Modest quantities of natural gas, oil and coal represent the mining sector of the Pakistan A thermonuclear facility is in operation near Karachi.
Industrial activities, which employ 1/5 of the active population and contribute 27% to the formation of the gross domestic product, are aimed at satisfying internal needs: relatively modest are the steel and metallurgical productions (Lahore, Karaci), the oil ones (refineries in Morgah, Karachi for imported oil) and mechanical ones. Of greater importance are the production of fertilizers and basic chemicals, pharmaceuticals, some mechanical sectors (shipbuilding and vehicle assembly) and above all textiles, dominated by the cotton mill (P. is the third largest producer of cotton yarns in the world).. Cement and food processing complete the industrial picture.

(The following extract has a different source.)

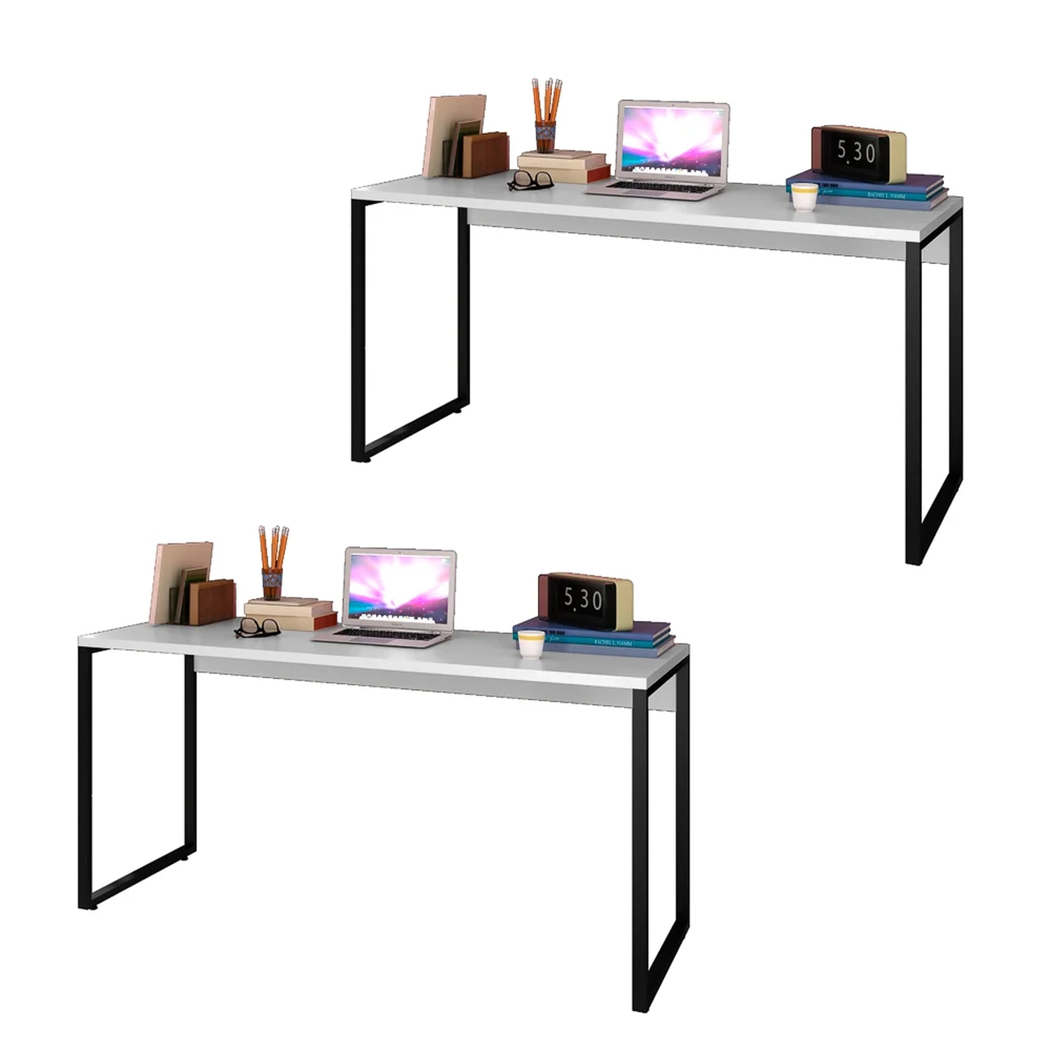 Nesse sentido, o Kit com 2 Mesas Studio Industrial, da Mpozenato, é perfeito, porque as medidas compactas com 150 cm e o design slim, com pés metálicos quadro confeccionados em Tubo de Aço com pintura epóxi cor Preto e também sapatas reguláveis vão deixar qualquer lugar mais bonito, organizado e aconchegante. Já os tampos retos na cor Branco são fabricados em MDP 25mm com acabamento em BP, proporcionando maior durabilidade e resistência aos produtos.
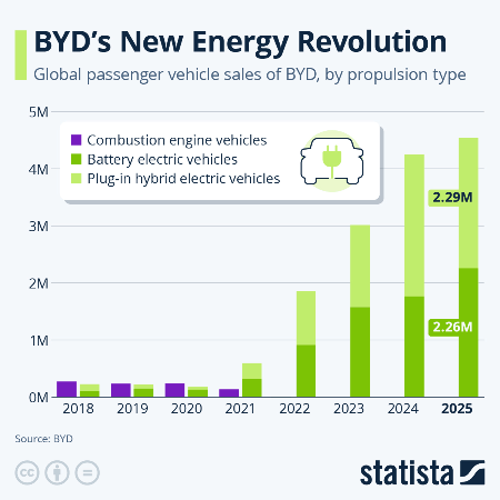 En 2025 la empresa China superó los 4,5 millones de vehículos sostenibles vendidos.

The terrestrial communications system requires modernization, partly in progress. The network railway (7791 km in 2006) is underdeveloped and follows that set up in colonial times, while the road network is relatively extensive (260,000 km) and almost two thirds of it is artificial. The vehicle fleet (just under 1,750,000 units) is expanding rapidly. An important contribution to the internal mobility of people and goods is provided by river traffic on the Indus and its tributaries of the Punjab; Karachi is by far the most important seaport, as well as an airport, in the state. Air traffic is also growing relatively (68 million km flown). Foreign trade has increased significantly in recent decades: especially due to the import of fuels, chemicals and machinery, mostly from the United Arab Emirates, Saudi Arabia, China, United States, Japan, Germany, and for exports of rice, raw cotton, cotton fabrics, carpets and blankets, mostly destined for the United States, United Arab Emirates, Afghanistan, Great Britain. However, the trade deficit has progressively increased, and is partly offset by remittances from emigrants, partly by international financial aid.